Tall black iron railings ringed the convent. In the courtyard, pale, sand-colored gravel simmered in the afternoon sun. Outside the front steps, a crew was loading crates into a truck.

The gates were open and Pekkala walked through, his feet crunching over the gravel. Climbing the convent steps, he had to stand aside as two men carried out a small piano.

More boxes filled the front hall.

It looked as if the entire building was being emptied.

Pekkala wondered if he had arrived too late. He paused, sweat cooling on his face.

“Have you come for the piano?” asked a woman’s voice.

Pekkala looked around. At first he could not see anyone.

The woman cleared her throat.

Pekkala glanced up. He saw a nun, wearing a blue and white habit, standing on the balcony which overlooked the hall.
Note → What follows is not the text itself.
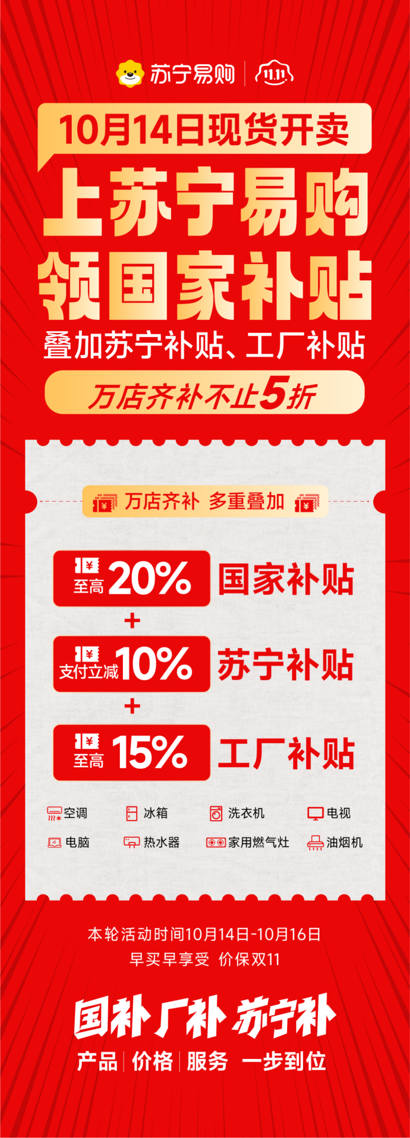 作為政府指定補(bǔ)貼發(fā)放平臺(tái),蘇寧易購(gòu)在政府對(duì)綠色節(jié)能產(chǎn)品15%-20%的優(yōu)惠基礎(chǔ)上,還聯(lián)合品牌商家、金融機(jī)構(gòu)為消費(fèi)者提供了更多優(yōu)惠、更好服務(wù)的換新體驗(yàn)。
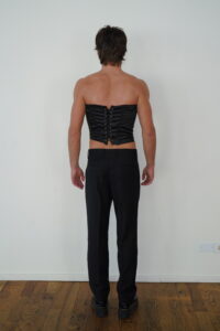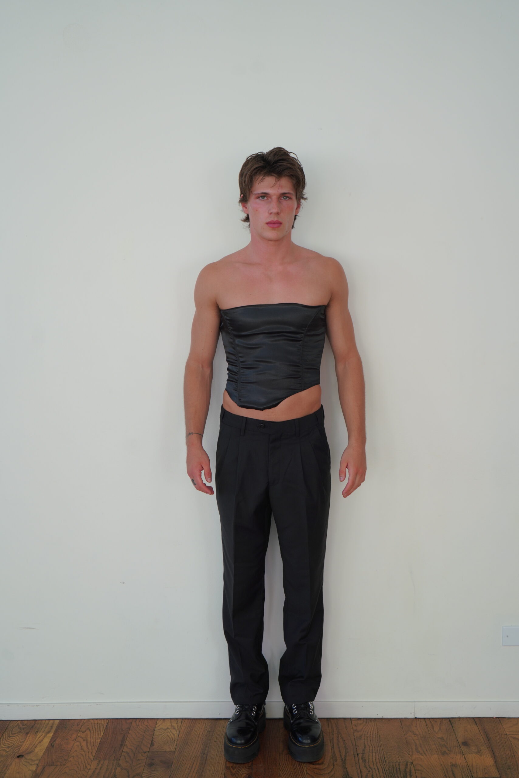 Cut in lustrous silk satin with a clean, compact line. Panel construction defines the waist; an asymmetric front hem adds movement. The lace-up back allows a precise, secure fit.

The nun’s face was picture-framed in the starched white cloth of her bonnet.

“You have arrived too late,” she told him. “The piano just left.” She spoke of it as if the piano had walked out on its own.

“No.” Pekkala shook his head. “I am not here for the piano.”

“Ah.” The nun made her way down the staircase. “Then what is it you’ve come to steal from us today?”

While Pekkala assured her that he had not come to rob the convent, the nun busied herself with inspecting the splintery crates, rapping on them with her knuckles as if to test the soundness of the wood. At first, he obtained nothing more than her name, Sister Ania; even this she seemed to grudge him. She picked up a checklist, stared at it, and put it down again. Then she wandered away, leaving Pekkala to follow her while he continued with his explanation.